Monitoring Splunk Forwarder Management Clients using Nagios

There are a few things you want to monitor in a production Splunk environment. I’m planning to release a few articles about basic Splunk monitoring. I’m checking our environment using Nagios, but the scripts should also work without any major adjustments for other monitoring solutions like Microsoft SCOM, Zappix or Openview as they all work in the same way.

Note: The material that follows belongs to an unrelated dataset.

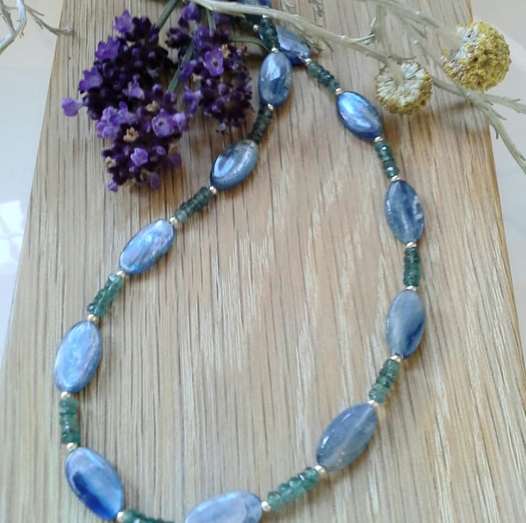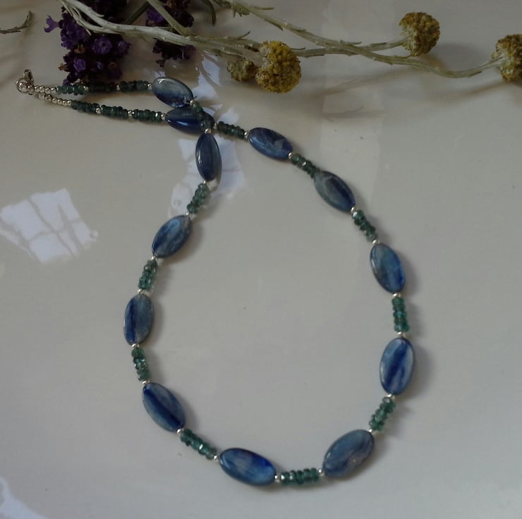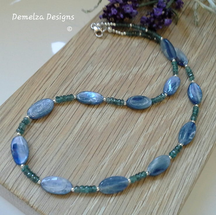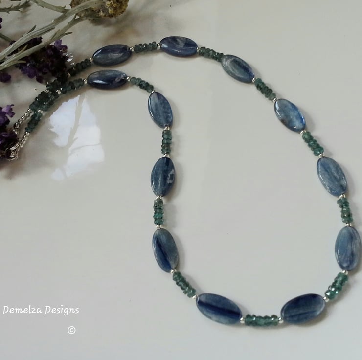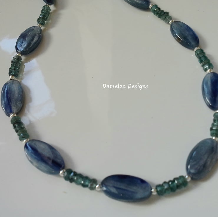 A beautiful necklace designed and hand crafted in Cornwall using extremely rare teal kyanite complimented with corn flower blue kyanite gemstones. The blue kyanite have exceptional internal sheiller as any light source hits each gemstone. The teal kyanite are faceted rondelle cuts with good clarity. Within the design are 2mm sterling silver spacer beads to add sparkle and an opulent finish.

If you use Forwarder Management (also known as Deployment Server) to configure your infrastructure, you really want to make sure your Clients/Forwarders are up-and-running. In the Splunk Webpage you have a page for this within Settings->Forwarder Management:

check-deploymentclients-11-1024x493

To ensure that a client is pointed to the Deploymentserver check the configuration in $SPLUNK_HOME$/etc/system/local/deploymentclient.conf or run the “splunk show deploy-poll” command. To set the Forwarder Management Server use “splunk set deploy-poll SERVER:8089″.

osx-set-deploymenturl1

By default a client will call back Forwarder Management Server every 60 seconds. If communication fails the output looks like this:

check-deploymentclients-21

The phone home interval can be configured in $SPLUNK_HOME$/etc/system/local/deploymentclient.conf using the phoneHomeinvervalinSecs Parameter.

The Nagios plugin asks the Forwarder Management if every client has phoned back correctly. The plugin is a Powershell script communicating with the REST API of Splunk. For that reason the script has to be executed from a Windows device. That does not mean the Splunk instance running the Forwarder Management role has to be installed on the Windows machine. If you run Splunk on Linux or Mac you just need a Windows machine in your environment which executes the script against the non-Windows Splunk instance.

overview1

You can download the plugin from here. It uses some functions from the Splunk Powershell resource Kit which is also included in the download.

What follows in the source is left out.